[Task item]
With images removed, return the whole listing exactly as written.

[Supplied data]
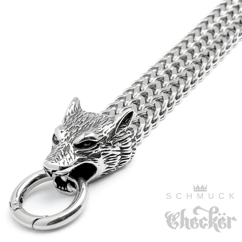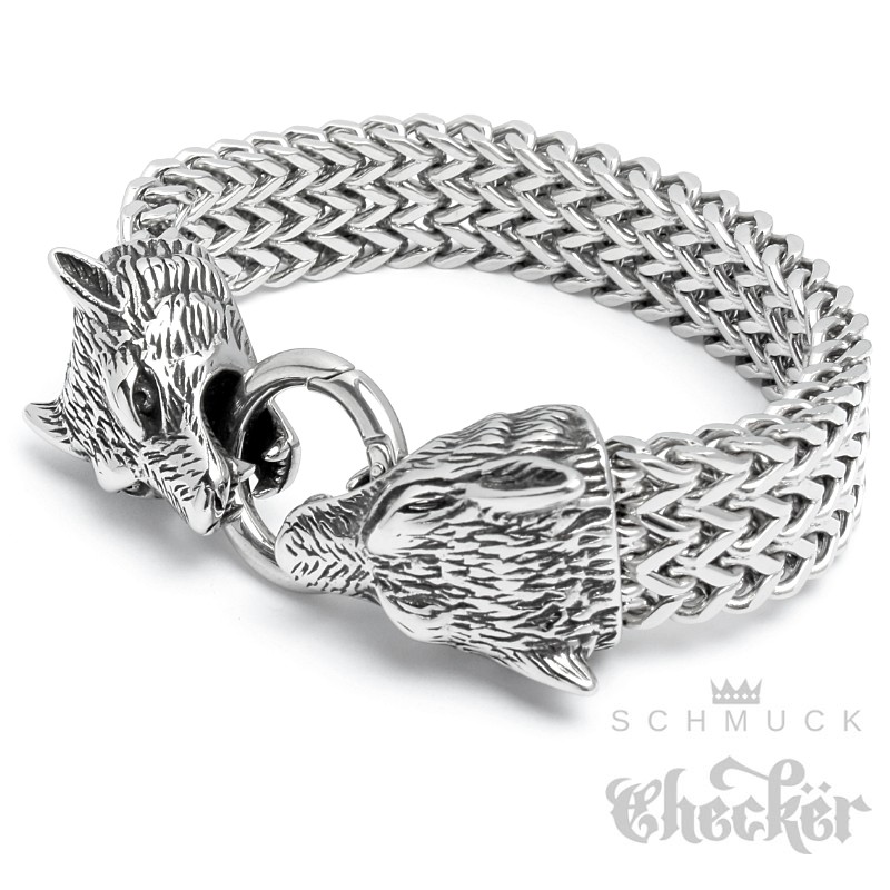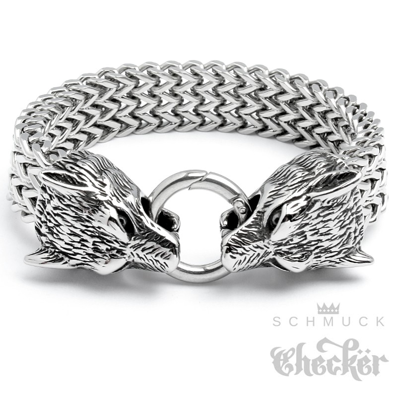 XXL Bikerschmuck Armband mit Wolfsköpfen und Ringverschluss massiver Edelstahl
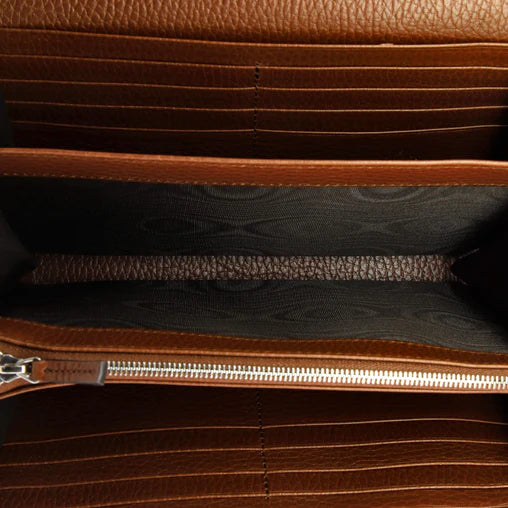 This pre-owned GUCCI bag is crafted in blue denim with a brown fabric and leather interior. Aged silver hardware complements the exterior, and the bag includes a detachable strap and dust bag. There is light wear with slight creasing on the exterior and interior, as well as small marks and scratches on the hardware.
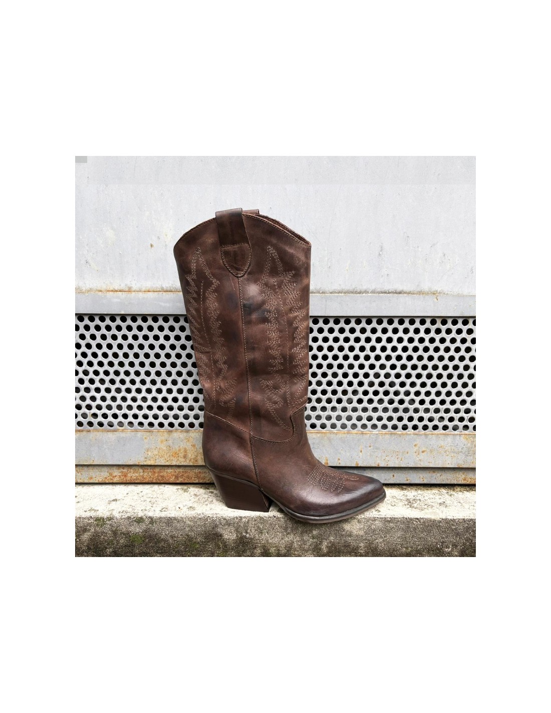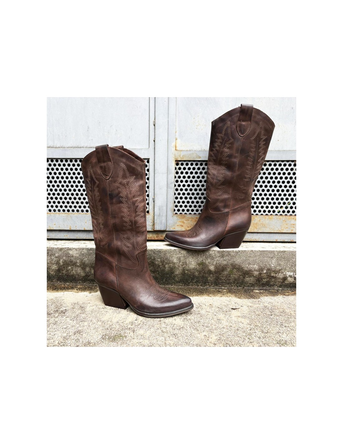 Stivale texano made in Italy in vera pelle. Pellame nubuck ingrassato, effetto invecchiato testa di moro con impunture.
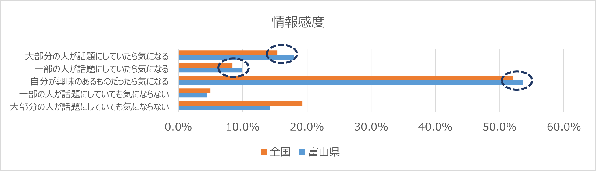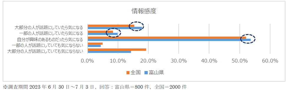 3社は協議テーマの設定に向けて、調査やヒアリングも行っております。6月末に富山県内800人、全国2,000人から回答を得たインターネットのアンケート調査では、富山に暮らす人は、全国に比べて情報感度が高く、旅行や外食、健康、貯金に関心が強い傾向が見て取れました。こうしたデータも基にしながら、実効性の高い取り組みを研究してまいります。

[Output for this exercise]
 XXL Bikerschmuck Armband mit Wolfsköpfen und Ringverschluss massiver Edelstahl
 This pre-owned GUCCI bag is crafted in blue denim with a brown fabric and leather interior. Aged silver hardware complements the exterior, and the bag includes a detachable strap and dust bag. There is light wear with slight creasing on the exterior and interior, as well as small marks and scratches on the hardware.
 Stivale texano made in Italy in vera pelle. Pellame nubuck ingrassato, effetto invecchiato testa di moro con impunture.
 3社は協議テーマの設定に向けて、調査やヒアリングも行っております。6月末に富山県内800人、全国2,000人から回答を得たインターネットのアンケート調査では、富山に暮らす人は、全国に比べて情報感度が高く、旅行や外食、健康、貯金に関心が強い傾向が見て取れました。こうしたデータも基にしながら、実効性の高い取り組みを研究してまいります。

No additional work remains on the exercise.